Eisers krijgen een vergoeding van hun proceskosten, omdat de rechtbank hun verzoek om schadevergoeding toewijst. De staatssecretaris moet deze vergoeding betalen. Die kosten stelt de rechtbank op grond van het Besluit proceskosten bestuursrecht vast op € 1.674,- (1 punt voor het indienen van het beroepschrift, 1 punt voor het verschijnen ter zitting, met een waarde per punt van € 837,- en een wegingsfactor 1). Ook moet de staatssecretaris het door eisers betaalde griffierecht vergoeden.

Beslissing

De rechtbank:
  • verklaart het beroep ongegrond;
  • wijst het verzoek om schadevergoeding toe en veroordeelt de Staat der Nederlanden (de minister van Justitie en Veiligheid) tot het betalen van schadevergoeding aan eisers tot een bedrag van € 500,-;
  • bepaalt dat de staatssecretaris het door eisers betaalde griffierecht van € 184,- aan hen vergoedt;
  • veroordeelt de staatssecretaris in de proceskosten van eisers tot betaling van € 1.674,-.
Deze uitspraak is gedaan door mr. G.H.W. Bodt, rechter, in aanwezigheid van mr. C.G.H. van der Holst, griffier.
De uitspraak is uitgesproken in het openbaar en bekendgemaakt op:
Informatie over hoger beroep
Een partij die het niet eens is met deze uitspraak, kan een hogerberoepschrift sturen naar de Afdeling bestuursrechtspraak van de Raad van State waarin wordt uitgelegd waarom deze partij het niet eens is met deze uitspraak. Het hogerberoepschrift moet worden ingediend binnen vier weken na de dag waarop deze uitspraak is verzonden.

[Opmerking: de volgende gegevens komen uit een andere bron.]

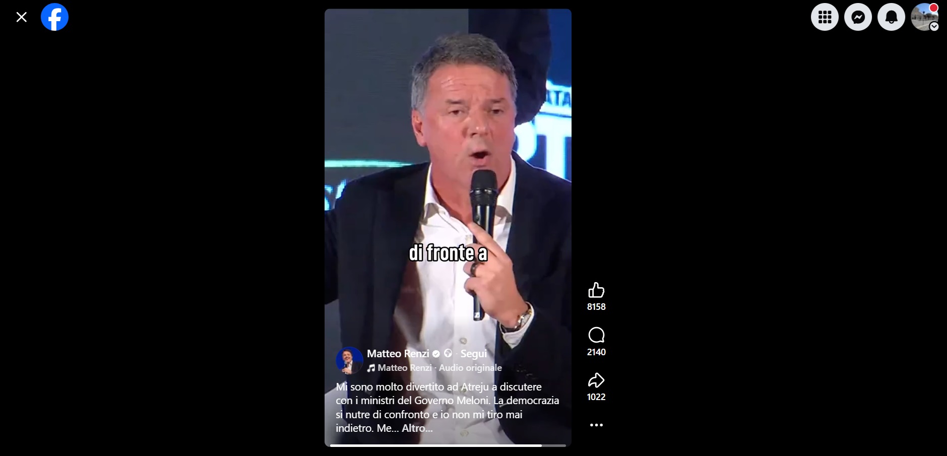 “Mi sono molto divertito ad Atreju a discutere con i ministri del Governo Meloni: La democrazia si nutre di confronto e io non mi tiro mai indietro… meno divertente il fatto che loro pensino che in Italia vada tutto bene… e che quando uno critica deve essere fermato con FakeNews come quelle della Casellati”. A scriverlo ieri, sulla sua omonima Pagina Facebook, è stato il senatore di Palazzo Madama a Roma e leader di ‘Italia Viva’, Matteo Renzi.
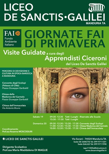 Gli studenti del liceo “De Sanctis-Galilei” di Manduria saranno gli “Apprendisti Ciceroni” per le giornate FAI di primavera
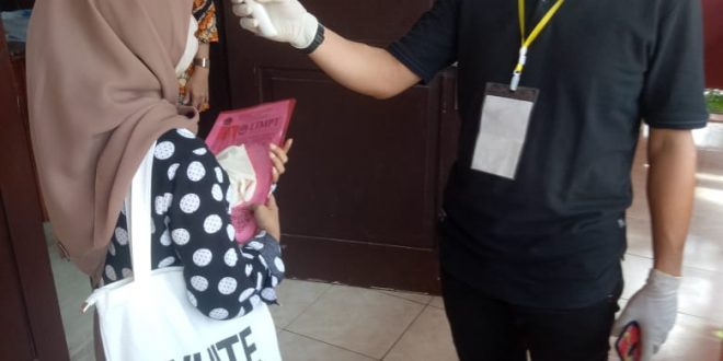 Dari pantauan kamera terlihat personil Polri yang sedang melakukan kegiatan pengamanan nampak menyemprotkan sanitiser dan pengecekan suhu tubuh kepada peserta ujian.
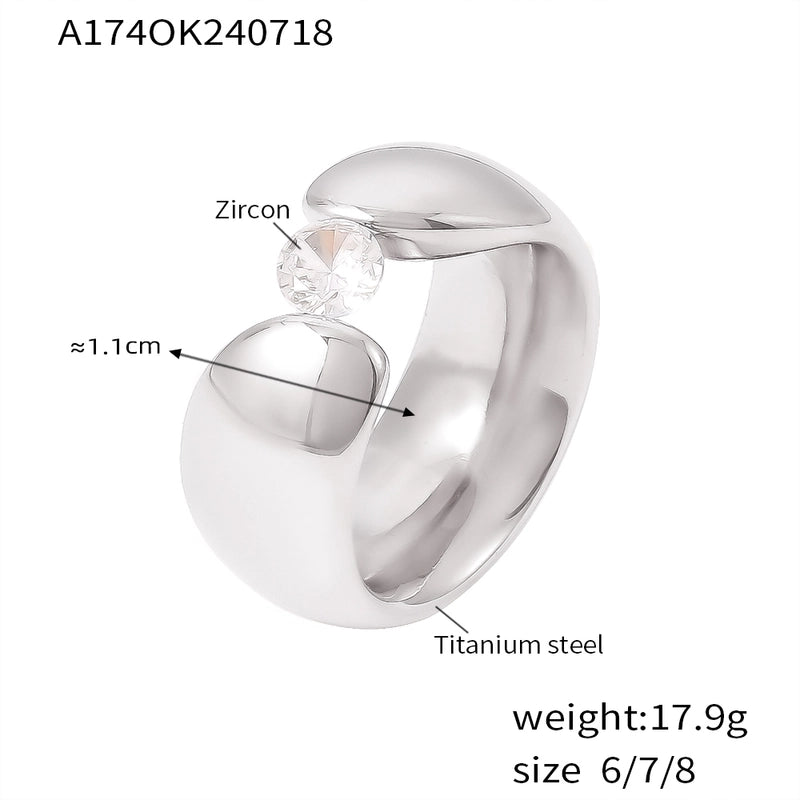Elegant Luxurious Minimalist Solid Color Titanium Steel Zircon 18K Gold Plated Plating Inlay Rings

Kan de indiener de behandeling van het hoger beroep niet afwachten, omdat de zaak spoed heeft, dan kan de indiener de voorzieningenrechter van de Afdeling bestuursrechtspraak van de Raad van State vragen om een voorlopige voorziening (een tijdelijke maatregel) te treffen.

Voetnoten

2.Eisers verwijzen daarbij naar ECLI:NL:RVS:2022:2490.
3.Zie ook Werkinstructie 2020/17, p. 17.
4.Eisers verwijzen daarbij naar ECLI:CE:ECHR:2021:0709.
5.Zie artikel 6, eerste lid, van het EVRM.
6.Zie bijvoorbeeld ABRvS 29 januari 2014, ECLI:NL:RVS:2014:188.
7.Zie de uitspraken van de Afdeling van 29 januari 2014, ECLI:RVS:2014:188 en 11 augustus 2017, ECLI:NL:RVS:2021:1432.